A smart teacher would think of ways to stand out in the tutor field, as a way to make their wages and continue to do what they love, that is make a difference with children. This article, if you ignore the social issues and focus more on the mechanics of teaching not tied to the established dogma, seems to me to be one way to adapt older teaching methods for a younger more diverse (both economically, socially and class wise) customer base.
That and learning how to barter for goods, rather than just money.
I was in several fast track programs while in high school and the ones that stood out were they ones that used conventual methods to teach. I can remember learning how to win at Tic Tac Toe in a Math class, as a way to understand logic. And another in History that had us giving short oral presentations each Friday, after a week of research in the library.

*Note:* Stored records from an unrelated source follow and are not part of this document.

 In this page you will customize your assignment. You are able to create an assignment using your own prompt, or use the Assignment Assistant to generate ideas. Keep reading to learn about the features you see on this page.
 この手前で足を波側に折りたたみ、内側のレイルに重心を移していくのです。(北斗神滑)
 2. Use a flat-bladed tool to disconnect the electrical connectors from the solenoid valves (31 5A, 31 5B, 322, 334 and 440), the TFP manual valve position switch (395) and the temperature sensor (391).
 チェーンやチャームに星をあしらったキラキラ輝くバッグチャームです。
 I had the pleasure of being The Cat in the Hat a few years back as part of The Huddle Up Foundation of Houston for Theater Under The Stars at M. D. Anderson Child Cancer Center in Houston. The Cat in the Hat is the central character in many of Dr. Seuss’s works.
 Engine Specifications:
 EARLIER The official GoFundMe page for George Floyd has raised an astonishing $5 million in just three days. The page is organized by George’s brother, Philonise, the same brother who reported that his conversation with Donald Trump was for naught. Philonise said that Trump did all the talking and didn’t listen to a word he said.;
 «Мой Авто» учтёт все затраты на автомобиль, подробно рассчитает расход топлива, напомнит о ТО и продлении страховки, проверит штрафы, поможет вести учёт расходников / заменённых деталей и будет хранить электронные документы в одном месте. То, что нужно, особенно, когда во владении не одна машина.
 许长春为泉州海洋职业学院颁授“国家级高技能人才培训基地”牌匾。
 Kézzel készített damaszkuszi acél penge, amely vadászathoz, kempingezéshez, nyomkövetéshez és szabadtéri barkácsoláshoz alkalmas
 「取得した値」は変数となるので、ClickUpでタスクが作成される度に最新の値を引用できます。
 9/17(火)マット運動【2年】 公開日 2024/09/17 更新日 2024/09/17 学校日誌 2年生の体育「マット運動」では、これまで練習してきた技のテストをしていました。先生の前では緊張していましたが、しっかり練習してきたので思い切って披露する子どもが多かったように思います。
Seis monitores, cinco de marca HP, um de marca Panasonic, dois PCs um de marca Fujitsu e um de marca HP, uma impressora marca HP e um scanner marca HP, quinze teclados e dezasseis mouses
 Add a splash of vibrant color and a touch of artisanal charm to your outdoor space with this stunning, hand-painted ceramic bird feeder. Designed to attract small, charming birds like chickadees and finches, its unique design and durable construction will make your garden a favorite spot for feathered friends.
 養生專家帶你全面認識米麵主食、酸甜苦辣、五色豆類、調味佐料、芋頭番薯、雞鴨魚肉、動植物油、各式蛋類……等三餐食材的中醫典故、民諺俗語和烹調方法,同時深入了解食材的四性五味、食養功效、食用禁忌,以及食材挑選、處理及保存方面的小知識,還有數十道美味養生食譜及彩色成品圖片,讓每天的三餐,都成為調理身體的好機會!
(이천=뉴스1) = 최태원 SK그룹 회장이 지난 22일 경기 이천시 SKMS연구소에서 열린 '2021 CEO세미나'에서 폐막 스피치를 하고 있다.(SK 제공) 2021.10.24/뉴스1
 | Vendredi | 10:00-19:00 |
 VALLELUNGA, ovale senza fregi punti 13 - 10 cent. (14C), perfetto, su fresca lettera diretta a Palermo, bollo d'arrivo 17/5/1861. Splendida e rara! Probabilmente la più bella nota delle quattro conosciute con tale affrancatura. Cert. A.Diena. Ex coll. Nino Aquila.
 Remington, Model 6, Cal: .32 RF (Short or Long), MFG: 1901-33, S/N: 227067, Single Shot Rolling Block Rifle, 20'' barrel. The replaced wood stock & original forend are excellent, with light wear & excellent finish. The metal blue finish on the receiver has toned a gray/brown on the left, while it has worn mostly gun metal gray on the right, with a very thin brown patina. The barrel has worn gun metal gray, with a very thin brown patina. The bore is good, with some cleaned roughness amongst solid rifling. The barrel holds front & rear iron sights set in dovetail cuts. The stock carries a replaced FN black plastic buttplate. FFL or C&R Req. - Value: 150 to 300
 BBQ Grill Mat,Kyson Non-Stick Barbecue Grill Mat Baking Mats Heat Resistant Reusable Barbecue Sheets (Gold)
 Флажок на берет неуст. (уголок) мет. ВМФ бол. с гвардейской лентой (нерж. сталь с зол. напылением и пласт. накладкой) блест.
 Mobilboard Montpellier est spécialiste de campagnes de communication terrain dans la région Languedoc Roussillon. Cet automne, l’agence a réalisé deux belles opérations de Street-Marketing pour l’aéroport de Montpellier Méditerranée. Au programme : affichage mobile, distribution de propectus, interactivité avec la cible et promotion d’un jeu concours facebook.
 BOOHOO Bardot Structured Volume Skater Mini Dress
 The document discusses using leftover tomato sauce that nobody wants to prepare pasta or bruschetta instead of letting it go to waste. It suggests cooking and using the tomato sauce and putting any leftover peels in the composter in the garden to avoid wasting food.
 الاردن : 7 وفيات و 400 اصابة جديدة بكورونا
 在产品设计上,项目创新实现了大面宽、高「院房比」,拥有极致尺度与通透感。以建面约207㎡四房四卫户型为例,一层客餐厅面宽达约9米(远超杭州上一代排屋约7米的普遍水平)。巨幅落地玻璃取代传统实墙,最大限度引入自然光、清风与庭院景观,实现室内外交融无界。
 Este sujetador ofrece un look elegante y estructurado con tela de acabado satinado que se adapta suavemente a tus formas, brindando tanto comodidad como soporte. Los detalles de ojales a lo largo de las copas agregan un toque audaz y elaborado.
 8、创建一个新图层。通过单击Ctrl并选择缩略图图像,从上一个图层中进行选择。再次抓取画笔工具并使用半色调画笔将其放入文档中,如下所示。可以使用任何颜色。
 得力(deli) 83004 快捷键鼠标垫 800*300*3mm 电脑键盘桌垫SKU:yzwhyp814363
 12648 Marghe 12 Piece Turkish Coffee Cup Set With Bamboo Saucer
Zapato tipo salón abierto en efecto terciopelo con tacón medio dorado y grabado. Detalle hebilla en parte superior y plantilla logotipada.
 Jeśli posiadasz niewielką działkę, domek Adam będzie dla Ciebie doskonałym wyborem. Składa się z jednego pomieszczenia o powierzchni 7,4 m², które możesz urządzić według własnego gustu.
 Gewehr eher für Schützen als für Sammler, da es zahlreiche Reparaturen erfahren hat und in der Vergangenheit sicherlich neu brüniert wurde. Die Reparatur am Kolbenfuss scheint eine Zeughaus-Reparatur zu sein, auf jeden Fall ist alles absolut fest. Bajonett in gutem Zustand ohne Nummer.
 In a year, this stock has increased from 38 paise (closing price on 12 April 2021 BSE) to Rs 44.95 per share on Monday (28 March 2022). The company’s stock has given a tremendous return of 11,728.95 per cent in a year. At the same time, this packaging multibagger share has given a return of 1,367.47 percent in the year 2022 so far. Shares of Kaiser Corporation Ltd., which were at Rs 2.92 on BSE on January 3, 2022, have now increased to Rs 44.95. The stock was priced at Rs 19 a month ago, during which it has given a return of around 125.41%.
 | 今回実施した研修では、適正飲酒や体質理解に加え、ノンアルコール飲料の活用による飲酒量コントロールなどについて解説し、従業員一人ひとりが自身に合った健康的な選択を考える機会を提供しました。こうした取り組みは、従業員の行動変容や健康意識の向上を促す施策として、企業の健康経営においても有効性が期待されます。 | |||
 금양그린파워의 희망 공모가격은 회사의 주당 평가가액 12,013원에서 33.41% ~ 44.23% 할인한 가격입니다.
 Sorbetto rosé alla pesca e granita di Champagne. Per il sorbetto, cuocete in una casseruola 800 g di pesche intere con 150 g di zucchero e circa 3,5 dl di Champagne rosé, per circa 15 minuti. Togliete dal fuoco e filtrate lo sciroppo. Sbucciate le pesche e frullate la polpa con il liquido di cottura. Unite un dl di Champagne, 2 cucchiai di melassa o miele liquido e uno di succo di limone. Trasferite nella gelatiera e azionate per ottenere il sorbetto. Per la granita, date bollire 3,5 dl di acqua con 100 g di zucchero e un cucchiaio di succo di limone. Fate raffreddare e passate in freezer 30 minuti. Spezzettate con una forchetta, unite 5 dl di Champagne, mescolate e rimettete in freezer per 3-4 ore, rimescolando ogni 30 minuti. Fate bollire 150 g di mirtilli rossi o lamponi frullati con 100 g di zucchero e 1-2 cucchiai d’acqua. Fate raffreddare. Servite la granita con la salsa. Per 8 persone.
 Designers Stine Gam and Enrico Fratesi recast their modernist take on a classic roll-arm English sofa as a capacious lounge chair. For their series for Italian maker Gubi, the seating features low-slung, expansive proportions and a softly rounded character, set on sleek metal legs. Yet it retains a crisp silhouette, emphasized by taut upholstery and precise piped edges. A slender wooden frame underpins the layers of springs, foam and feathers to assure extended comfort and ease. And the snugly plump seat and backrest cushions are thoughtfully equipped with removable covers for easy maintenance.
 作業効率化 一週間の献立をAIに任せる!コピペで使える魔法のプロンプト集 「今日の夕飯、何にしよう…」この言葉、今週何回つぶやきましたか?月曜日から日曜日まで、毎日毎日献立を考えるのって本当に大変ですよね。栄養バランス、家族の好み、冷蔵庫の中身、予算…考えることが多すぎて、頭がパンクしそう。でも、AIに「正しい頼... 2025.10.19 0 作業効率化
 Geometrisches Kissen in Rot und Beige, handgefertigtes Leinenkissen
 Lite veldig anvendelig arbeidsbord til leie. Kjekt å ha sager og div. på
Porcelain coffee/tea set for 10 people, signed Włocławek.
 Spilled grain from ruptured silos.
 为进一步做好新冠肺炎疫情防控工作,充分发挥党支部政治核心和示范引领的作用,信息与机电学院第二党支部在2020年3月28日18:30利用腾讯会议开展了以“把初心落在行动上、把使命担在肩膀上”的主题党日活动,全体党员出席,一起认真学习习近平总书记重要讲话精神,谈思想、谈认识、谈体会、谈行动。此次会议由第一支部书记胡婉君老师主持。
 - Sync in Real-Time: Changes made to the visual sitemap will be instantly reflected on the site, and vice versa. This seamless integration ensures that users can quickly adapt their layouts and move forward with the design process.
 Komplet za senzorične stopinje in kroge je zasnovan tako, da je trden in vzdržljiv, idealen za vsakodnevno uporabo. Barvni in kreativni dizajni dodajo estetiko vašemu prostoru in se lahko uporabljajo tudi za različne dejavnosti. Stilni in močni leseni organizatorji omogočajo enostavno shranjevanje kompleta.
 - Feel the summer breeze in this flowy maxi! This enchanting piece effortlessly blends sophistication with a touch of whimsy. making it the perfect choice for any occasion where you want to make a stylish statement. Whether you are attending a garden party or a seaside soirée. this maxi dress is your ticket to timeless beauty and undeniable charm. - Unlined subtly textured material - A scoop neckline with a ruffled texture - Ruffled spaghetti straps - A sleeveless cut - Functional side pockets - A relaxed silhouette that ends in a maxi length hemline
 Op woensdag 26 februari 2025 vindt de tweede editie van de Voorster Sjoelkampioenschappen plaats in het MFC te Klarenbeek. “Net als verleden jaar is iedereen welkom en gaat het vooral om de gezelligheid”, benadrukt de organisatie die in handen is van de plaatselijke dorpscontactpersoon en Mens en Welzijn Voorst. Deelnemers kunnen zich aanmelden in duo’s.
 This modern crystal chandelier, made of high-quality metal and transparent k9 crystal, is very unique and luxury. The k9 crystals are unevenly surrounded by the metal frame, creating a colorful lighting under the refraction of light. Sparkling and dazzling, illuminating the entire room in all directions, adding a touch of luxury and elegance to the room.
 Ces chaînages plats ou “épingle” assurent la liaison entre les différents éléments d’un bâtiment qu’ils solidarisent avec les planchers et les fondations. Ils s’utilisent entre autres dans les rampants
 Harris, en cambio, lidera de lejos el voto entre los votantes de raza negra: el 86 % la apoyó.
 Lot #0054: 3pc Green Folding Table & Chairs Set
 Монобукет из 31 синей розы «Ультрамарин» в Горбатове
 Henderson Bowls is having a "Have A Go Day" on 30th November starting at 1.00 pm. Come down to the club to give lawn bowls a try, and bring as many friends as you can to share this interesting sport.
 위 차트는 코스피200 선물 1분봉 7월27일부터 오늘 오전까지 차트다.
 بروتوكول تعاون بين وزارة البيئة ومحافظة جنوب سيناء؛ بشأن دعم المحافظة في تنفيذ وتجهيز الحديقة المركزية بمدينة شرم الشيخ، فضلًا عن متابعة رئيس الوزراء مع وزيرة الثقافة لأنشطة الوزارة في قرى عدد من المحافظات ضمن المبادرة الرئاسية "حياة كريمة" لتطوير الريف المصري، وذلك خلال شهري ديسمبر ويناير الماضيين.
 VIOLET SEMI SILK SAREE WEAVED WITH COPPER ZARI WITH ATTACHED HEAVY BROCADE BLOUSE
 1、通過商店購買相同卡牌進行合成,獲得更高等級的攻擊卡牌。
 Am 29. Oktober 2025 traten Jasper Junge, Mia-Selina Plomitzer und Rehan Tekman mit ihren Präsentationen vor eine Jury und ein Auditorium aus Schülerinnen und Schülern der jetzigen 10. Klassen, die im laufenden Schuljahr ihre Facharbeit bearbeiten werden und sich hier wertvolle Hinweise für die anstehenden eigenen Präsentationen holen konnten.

Algebra classes taught by Nadine Ebri look different than the ones you probably took in school. Students practice equations through singing, dancing and drawing. Activities are sculpted around their hobbies and interests: anime, gaming, Minecraft. Problem-solving is a team sport, rather than an individual sprint to the right answer. Ebri, a math teacher and tech specialist for Duval County Schools in Florida, is using new techniques designed to promote equity. If kids of color, girls and low-income students engage, they'll be more likely to pursue high-level math classes, the argument goes. That can open doors to competitive colleges and lucrative careers. After Ebri switched to emphasizing real-world problems and collaboration, her students, most of whom are Black, improved their scores on Florida's math exam in 2020-21 – even with 1 in 3 learning from home.